Jeffrey is a historian
based south of London

094: Charles Dickens, Fagin and Henry Murphy, 1834

The Times (London), 14 January 1834

Victorian writers who mention people of African descent in England include novelists Thackeray and Trollope, and it has long been known that Charles Darwin was taught bird-stuffing in 1820s Edinburgh by John Edmonstone from British Guiana (now Guyana). Studying back copies of The Times revealed that in 1834, when Charles Dickens was a journalist in London, aged 22, an interesting item was noticed.

Henry Murphy, ‘a black man’ aged about 60 had appeared at Bow Street court on 13 January 1834 charged with keeping a place for runaway children where they were compelled to ‘rob and beg for their suppers’. His ‘copper-coloured’ son John was also charged. Henry Murphy was surely an inspiration for Fagin in Dickens’s Oliver Twist of 1838: and his son was the Artful Dodger?

Dickens had an uncle who worked for The Times and it was suggested back in 1933 that he may have contributed to the newspaper a century before, in a period when parliament was in recess for Dickens worked as a parliamentary reporter in London.

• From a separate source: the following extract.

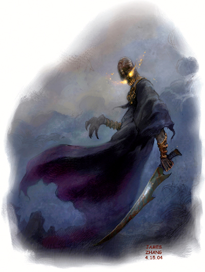 类法术能力:随意施展——深邃黑暗术、亵渎术、恐惧术(DC18)、隐形、镜像术、识破隐形、高等传送术(只能自身外加50磅的物品)。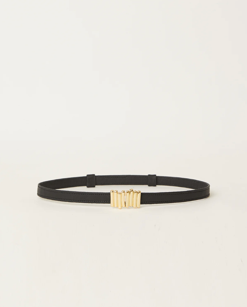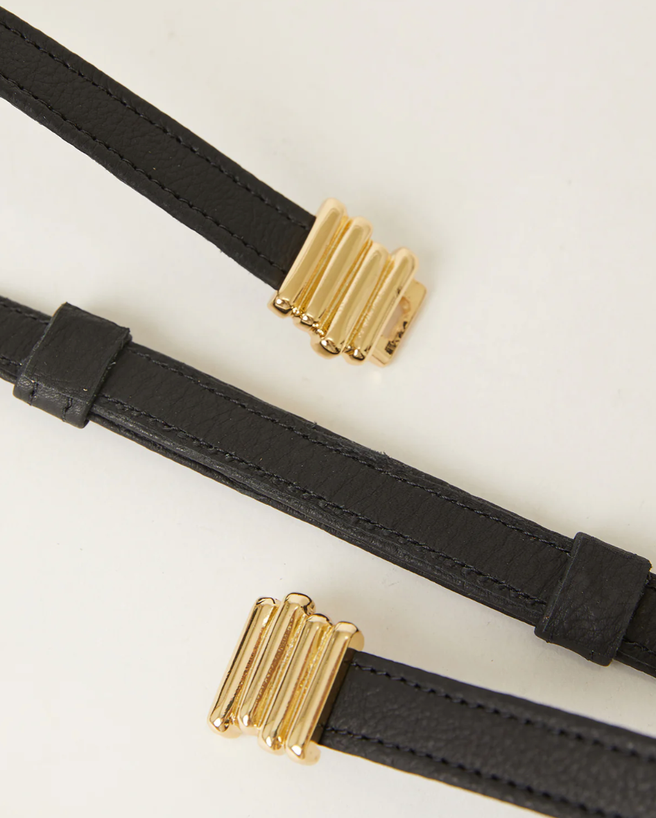Get the perfect fit with the Diem. Designed with a fully adjustable strap, style it around the waist. Featuring a beautiful gold buckle on a lightly pebbled leather strap.

Dickens scholars may have their own views, but the 1834 cutting (above) shows two African-descent Londoners — in that strange almost mystical period when there were ‘almost no blacks in Britain itself in the mid-nineteenth century’ (Ronald Hyam, Britain’s Imperial Century, 1815-1914, Macmillan, 1993, page 155).

My recent research (some on other pages of this site) shows that Henry and John Murphy were not unusual although their impact on Dickens may have been.